§ Task directions
Return each line of the data below verbatim; pictures are to be left out.

§ Source data
=======

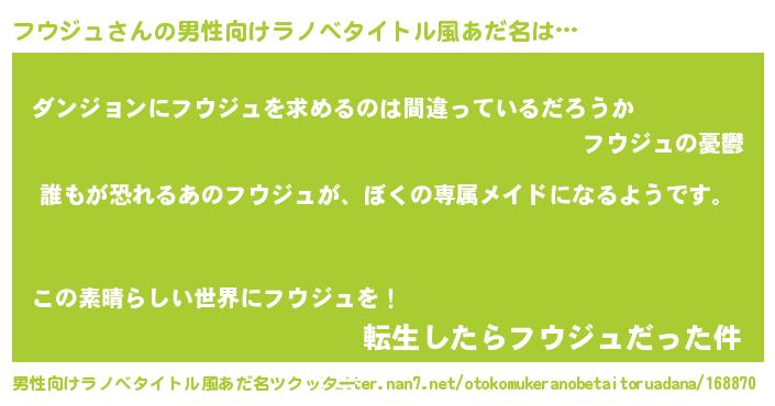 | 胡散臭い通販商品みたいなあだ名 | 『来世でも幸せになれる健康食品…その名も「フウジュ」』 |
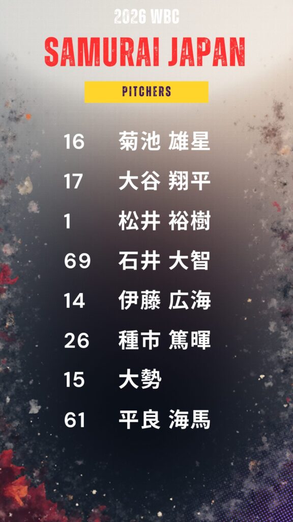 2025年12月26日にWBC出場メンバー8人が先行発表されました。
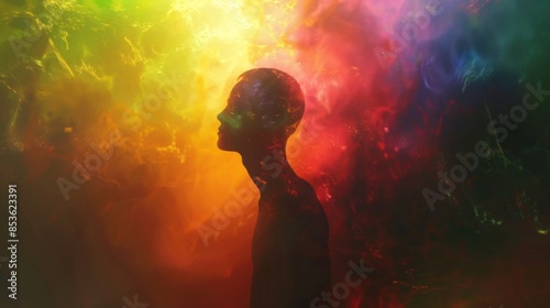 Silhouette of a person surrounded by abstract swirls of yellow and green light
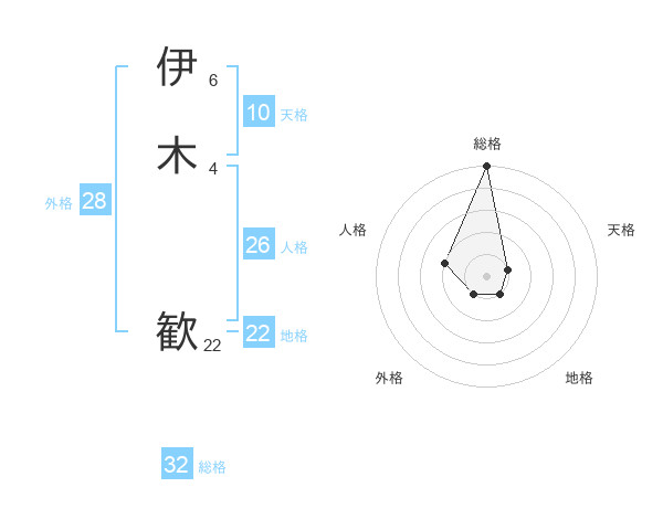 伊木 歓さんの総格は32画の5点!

=======

§ Solution for this task
 | 胡散臭い通販商品みたいなあだ名 | 『来世でも幸せになれる健康食品…その名も「フウジュ」』 |
 2025年12月26日にWBC出場メンバー8人が先行発表されました。
 Silhouette of a person surrounded by abstract swirls of yellow and green light
 伊木 歓さんの総格は32画の5点!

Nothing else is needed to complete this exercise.